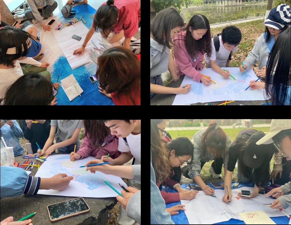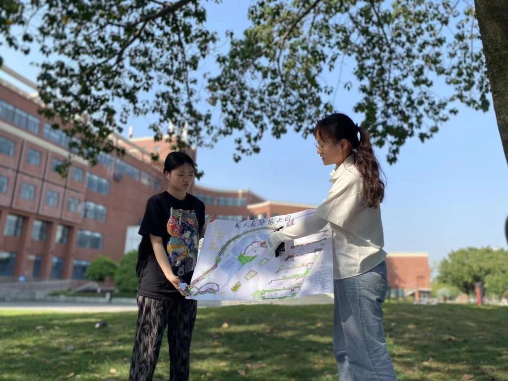 同学们在进行了充分的准备,选定了绘制区域后,带上好奇的心,在校园内进行走访,一边观察绿色景点、自然物,跟环保、可持续生活有关的设施,一边记录、收集资料。嘤鸣湖,张澜大道,乐健山……遍布着同学们的身影。将信息收集整理好,同学们以小组为单位绘制起了心目中成都大学的绿色生活地图。
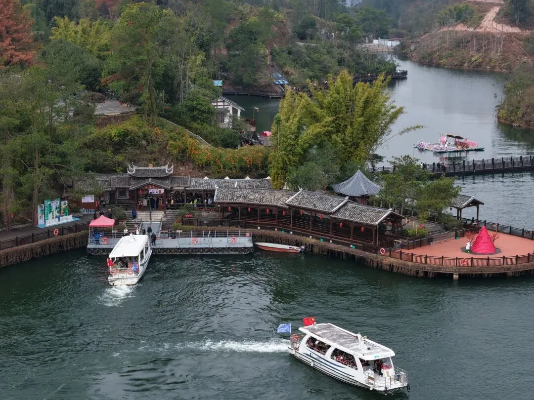 石门湖游客络绎不绝,乘船感受祖国美丽河山。
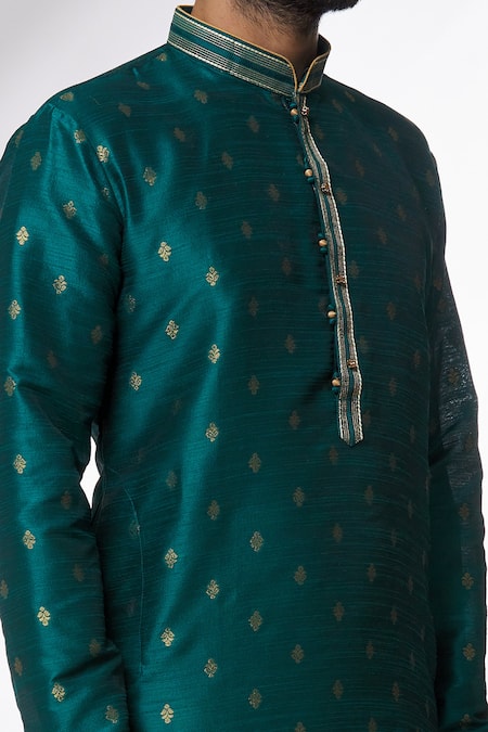 Green kurta featuring a woven floral butti pattern, resham embroidered mandarin collar, and embellished buttons. Paired with a gathered churidar in art banarasi silk.
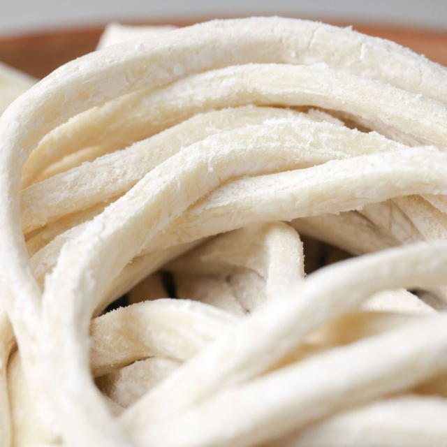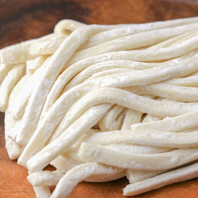 販售烏龍麵數十年的店舖-麺ズ冨士山這次開發「超厚款珍珠烏龍麵」,將吉田烏龍麵的麵糰中加入了屬於珍珠原料的樹薯粉,提供珍珠所擁有的彈性與口感,讓兩者融合在一起,打造出全新的組合。更具有煮熟後約 12 公分的厚度,讓你在享用烏龍麵時更具有紮實的飽足感。
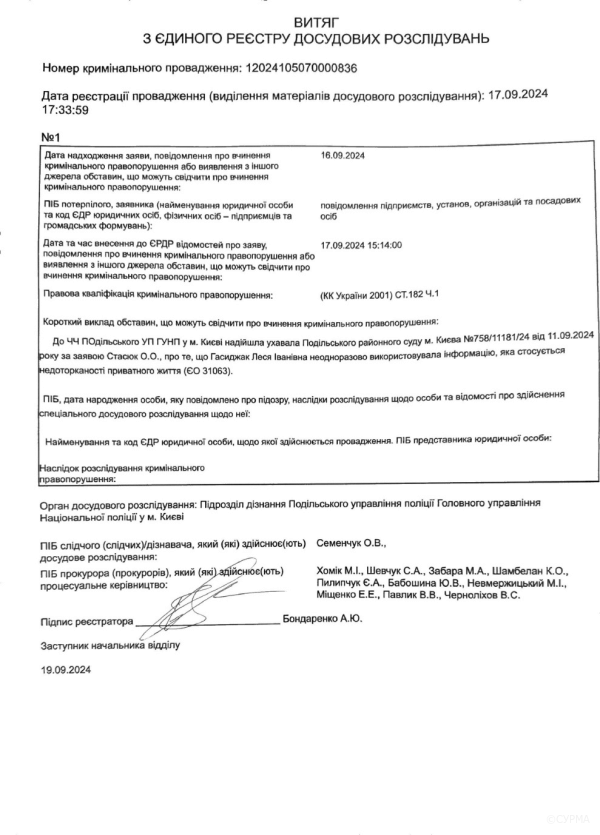 На фото: витяги з ЄРДР про кримінальні провадження
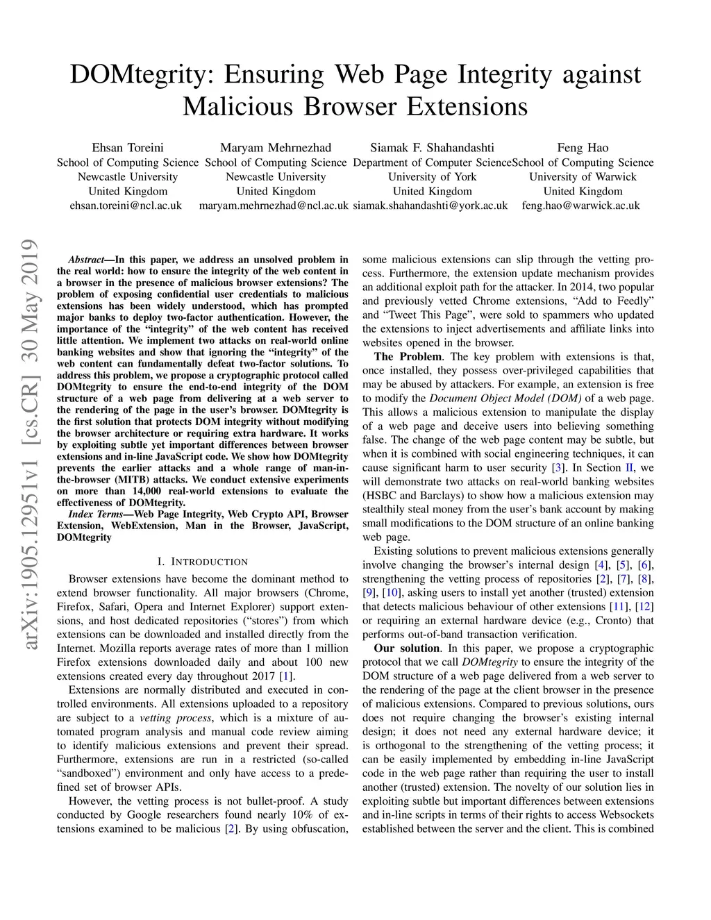 DOMtegrity: Ensuring Web Page Integrity against Malicious Browser
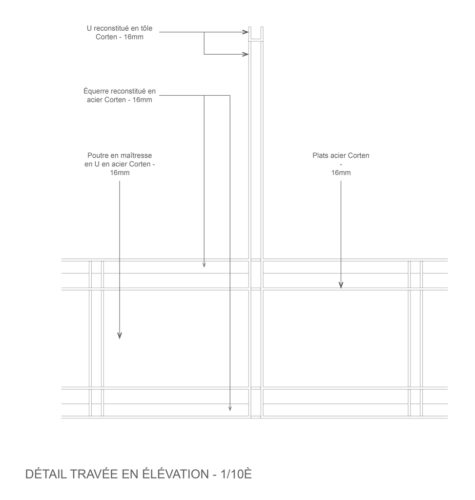 La structure principale de la passerelle est intégralement constituée par des profilés reconstitués soudés obtenus à partir de tôles en acier corten de 16mm.
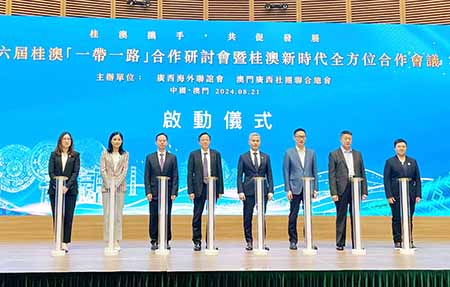 廣西海外聯誼會、澳門廣西社團聯合總會合辦的「第六屆桂澳『一帶一路』合作研討會暨桂澳新時代全方位合作會議」昨午假科學館舉行,經濟財政司司長代表、經濟及科技發展局局長戴建業等出席。研討會邀請多位桂澳金融界權威講者,圍繞金融政策創新、市場發展現狀及投資融資環境等議題深度討論。
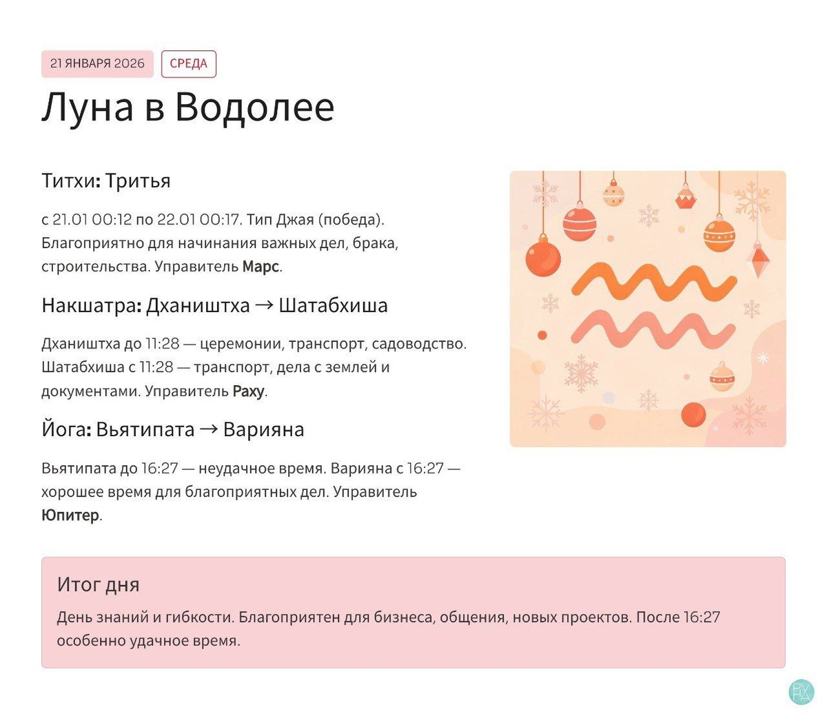 Среда. День Меркурия, но сам Будха сейчас в самом сердце пламени. Он в точном соединении с Солнцем в Козероге, полностью «сожжён» его сиянием. Это не ошибка карты, а алхимический процесс. Планетная война (граха-юддха) здесь - это битва за кристальную ясность. Уже 23 января Меркурий выйдет из этого испытания обновлённым, как феникс. Но сегодня его свет скрыт. Вы можете ощущать это как туман в мыслях, слова, которые не попадают в цель, или идеи, ускользающие, как вода. В делах, связанных с документами, общением и логикой, будьте особенно внимательны. Рядом - Марс и Венера. Этот союз создаёт уникальное пространство для дипломатии, где страсть может найти изящное выражение, а переговоры - привести к хрупкому, но ценному миру. Луна утром ещё в Дхаништхе, поддерживает лёгкость, но после 11:28 она делает шаг в таинственную Шатабхишадж - накшатру целителей и звёздных врат, где её ждёт встреча с Раху. Эмоциональный фон может смениться: от открытости - к внутренней тревоге, желанию всё конт
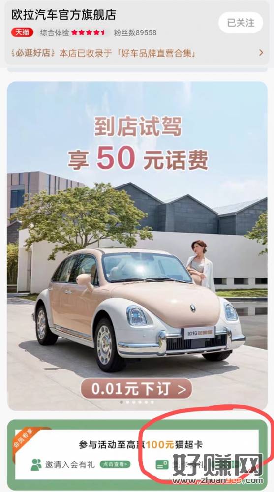 淘宝 欧拉汽车官方旗舰店首页 集卡赢好礼,可以领10元猫超卡
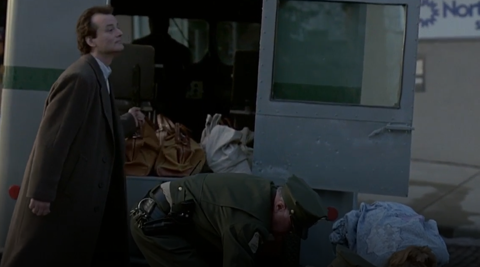 다음날 눈을 뜬 필은 성촉절인 2월 2일 어제가 그대로 반복되고 있음을 깨닫게 됩니다.( 성촉절 안에 마치 무한루프처럼 갇힌 필은 혼란스러워하나, 이내 특유의 못된 심보를 발휘해 현실의 시간에서라면 할 수 없는(해선 안 되는) 장난들을 반복합니다. 예를 들어, 마을 레스토랑에서 만난 여인과의 만남을 반복해 정보를 캐내어 마치 고등학교 동창인 양 속이고 원나잇 스탠드를 한다든가
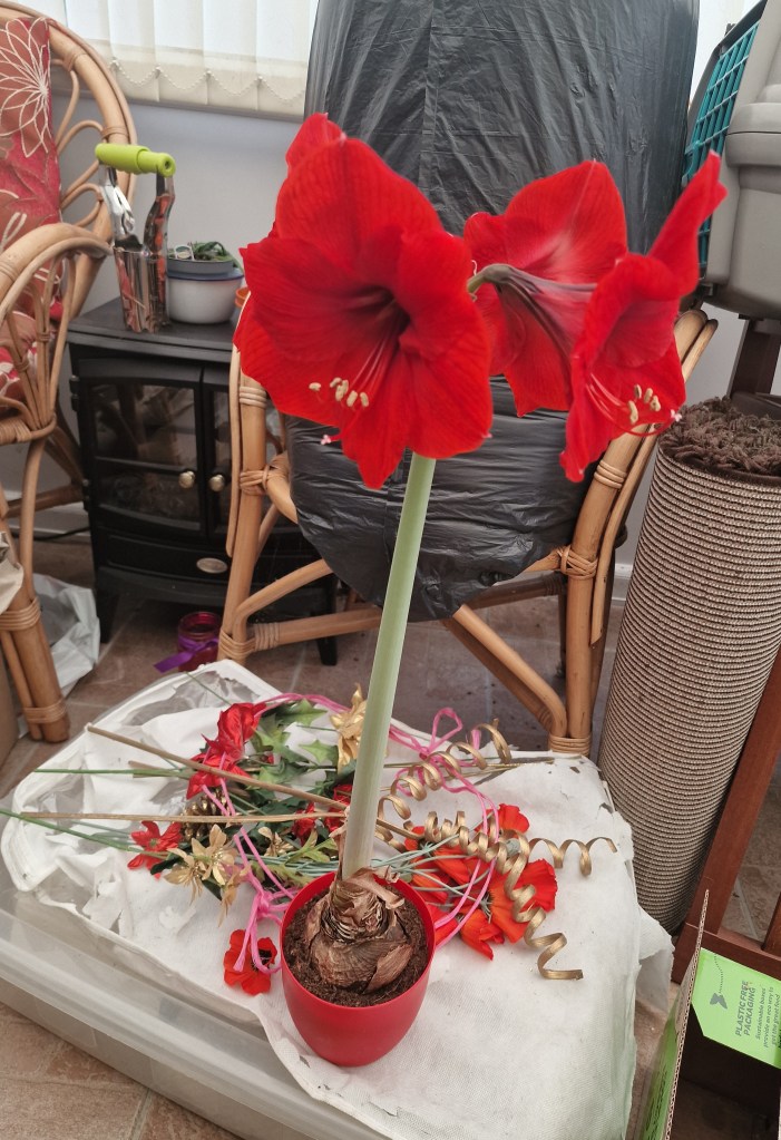I was so busy keeping my plate free from an inquisitive feline nose that I forgot to take a photo. So instead here’s mum’s stunningly beautiful amaryllis, safely away from Suki in the conservatory.
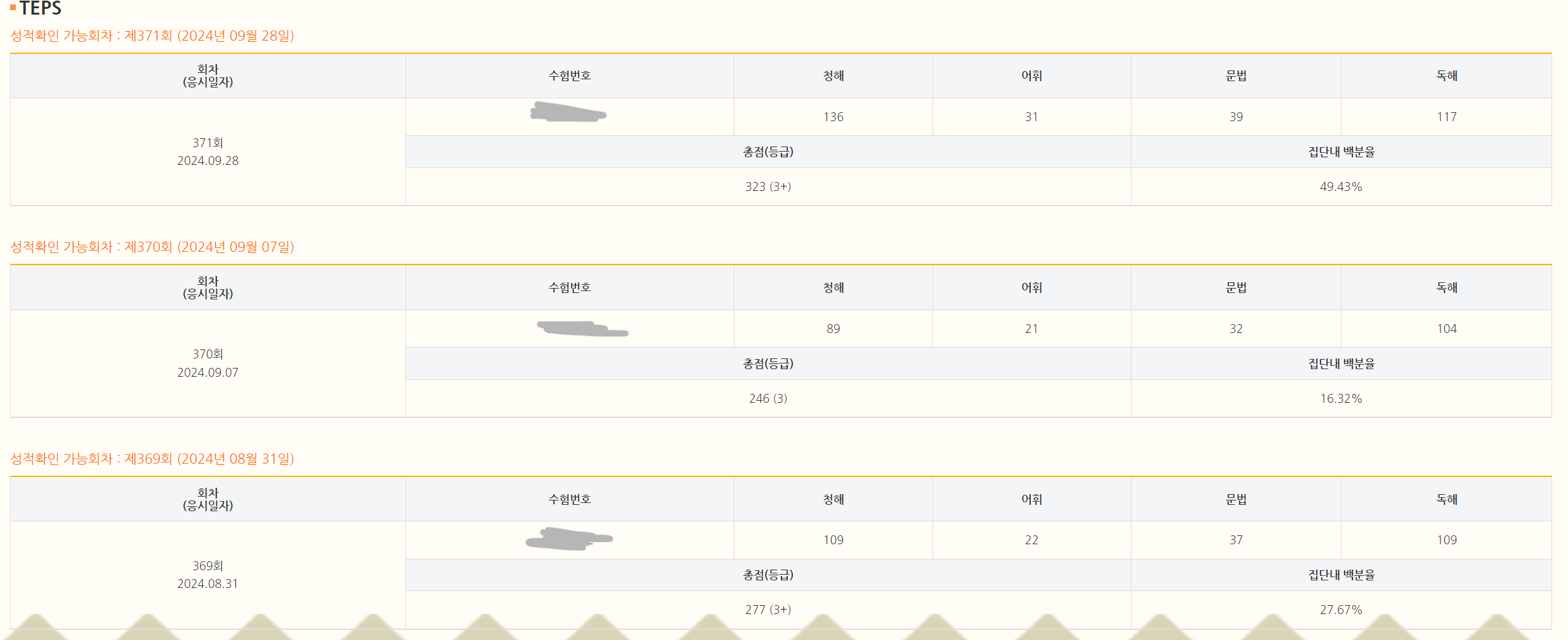 | 청해(240점) | 어휘(60점) | 문법(60점) | 독해(240점) | 총점(600점) | |
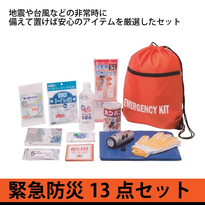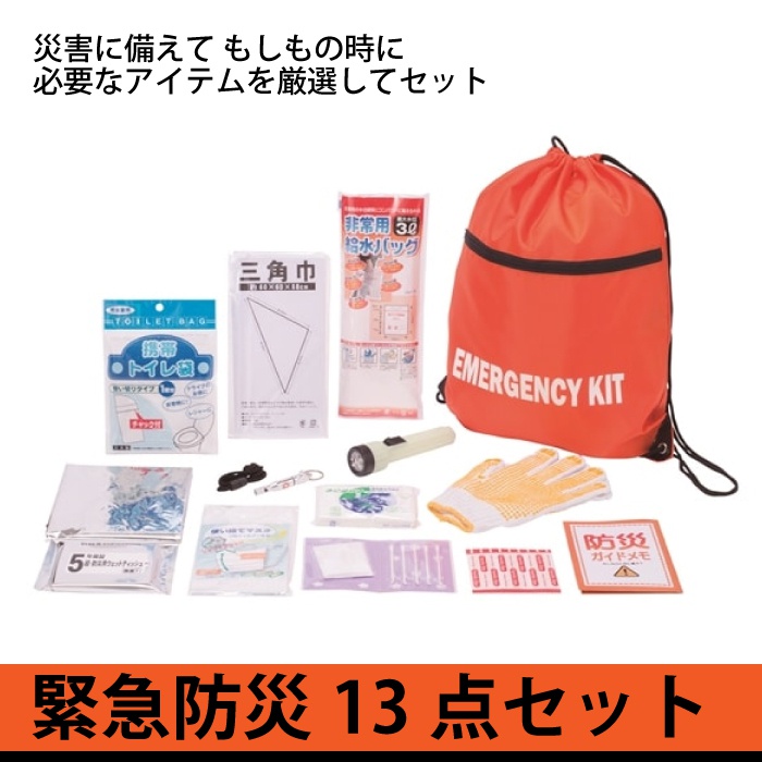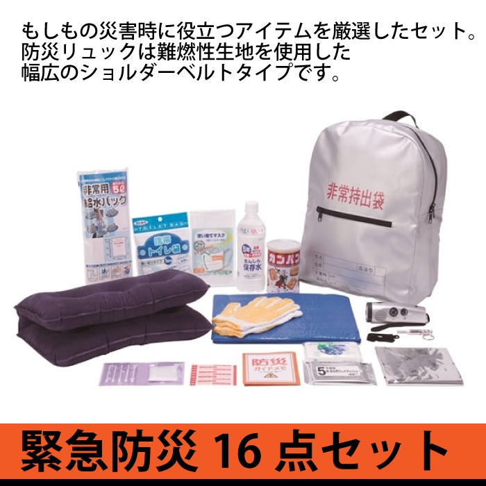 emergency(응급) 백,축광LED라이트,비상용 급수 백(3L용)고, 알루미늄 온열 씨트,수에 흘려 보내는 포켓 티슈(10매)고, 미끄럼방지부 목장갑,휴대 화장실(볼일)고, 방재용 Wet 티슈(20매)고, 비상용 요부코적,삼각건,블루 씨트,보존 수(500ml)고, 건빵(100g)고, 폴리 랩,일회용 마스크,간이 구급 세트(반창고5매면봉5개코튼3매)고, 방재 가이드 메모/각1
********************
EXERCISE BRIEF: Every line above is to be reproduced verbatim, and the pictures are to be omitted.

TASK OUTPUT:
 同学们在进行了充分的准备,选定了绘制区域后,带上好奇的心,在校园内进行走访,一边观察绿色景点、自然物,跟环保、可持续生活有关的设施,一边记录、收集资料。嘤鸣湖,张澜大道,乐健山……遍布着同学们的身影。将信息收集整理好,同学们以小组为单位绘制起了心目中成都大学的绿色生活地图。
 石门湖游客络绎不绝,乘船感受祖国美丽河山。
 Green kurta featuring a woven floral butti pattern, resham embroidered mandarin collar, and embellished buttons. Paired with a gathered churidar in art banarasi silk.
 販售烏龍麵數十年的店舖-麺ズ冨士山這次開發「超厚款珍珠烏龍麵」,將吉田烏龍麵的麵糰中加入了屬於珍珠原料的樹薯粉,提供珍珠所擁有的彈性與口感,讓兩者融合在一起,打造出全新的組合。更具有煮熟後約 12 公分的厚度,讓你在享用烏龍麵時更具有紮實的飽足感。
 На фото: витяги з ЄРДР про кримінальні провадження
 DOMtegrity: Ensuring Web Page Integrity against Malicious Browser
 La structure principale de la passerelle est intégralement constituée par des profilés reconstitués soudés obtenus à partir de tôles en acier corten de 16mm.
 廣西海外聯誼會、澳門廣西社團聯合總會合辦的「第六屆桂澳『一帶一路』合作研討會暨桂澳新時代全方位合作會議」昨午假科學館舉行,經濟財政司司長代表、經濟及科技發展局局長戴建業等出席。研討會邀請多位桂澳金融界權威講者,圍繞金融政策創新、市場發展現狀及投資融資環境等議題深度討論。
 Среда. День Меркурия, но сам Будха сейчас в самом сердце пламени. Он в точном соединении с Солнцем в Козероге, полностью «сожжён» его сиянием. Это не ошибка карты, а алхимический процесс. Планетная война (граха-юддха) здесь - это битва за кристальную ясность. Уже 23 января Меркурий выйдет из этого испытания обновлённым, как феникс. Но сегодня его свет скрыт. Вы можете ощущать это как туман в мыслях, слова, которые не попадают в цель, или идеи, ускользающие, как вода. В делах, связанных с документами, общением и логикой, будьте особенно внимательны. Рядом - Марс и Венера. Этот союз создаёт уникальное пространство для дипломатии, где страсть может найти изящное выражение, а переговоры - привести к хрупкому, но ценному миру. Луна утром ещё в Дхаништхе, поддерживает лёгкость, но после 11:28 она делает шаг в таинственную Шатабхишадж - накшатру целителей и звёздных врат, где её ждёт встреча с Раху. Эмоциональный фон может смениться: от открытости - к внутренней тревоге, желанию всё конт
 淘宝 欧拉汽车官方旗舰店首页 集卡赢好礼,可以领10元猫超卡
 다음날 눈을 뜬 필은 성촉절인 2월 2일 어제가 그대로 반복되고 있음을 깨닫게 됩니다.( 성촉절 안에 마치 무한루프처럼 갇힌 필은 혼란스러워하나, 이내 특유의 못된 심보를 발휘해 현실의 시간에서라면 할 수 없는(해선 안 되는) 장난들을 반복합니다. 예를 들어, 마을 레스토랑에서 만난 여인과의 만남을 반복해 정보를 캐내어 마치 고등학교 동창인 양 속이고 원나잇 스탠드를 한다든가
I was so busy keeping my plate free from an inquisitive feline nose that I forgot to take a photo. So instead here’s mum’s stunningly beautiful amaryllis, safely away from Suki in the conservatory.
 | 청해(240점) | 어휘(60점) | 문법(60점) | 독해(240점) | 총점(600점) | |
 emergency(응급) 백,축광LED라이트,비상용 급수 백(3L용)고, 알루미늄 온열 씨트,수에 흘려 보내는 포켓 티슈(10매)고, 미끄럼방지부 목장갑,휴대 화장실(볼일)고, 방재용 Wet 티슈(20매)고, 비상용 요부코적,삼각건,블루 씨트,보존 수(500ml)고, 건빵(100g)고, 폴리 랩,일회용 마스크,간이 구급 세트(반창고5매면봉5개코튼3매)고, 방재 가이드 메모/각1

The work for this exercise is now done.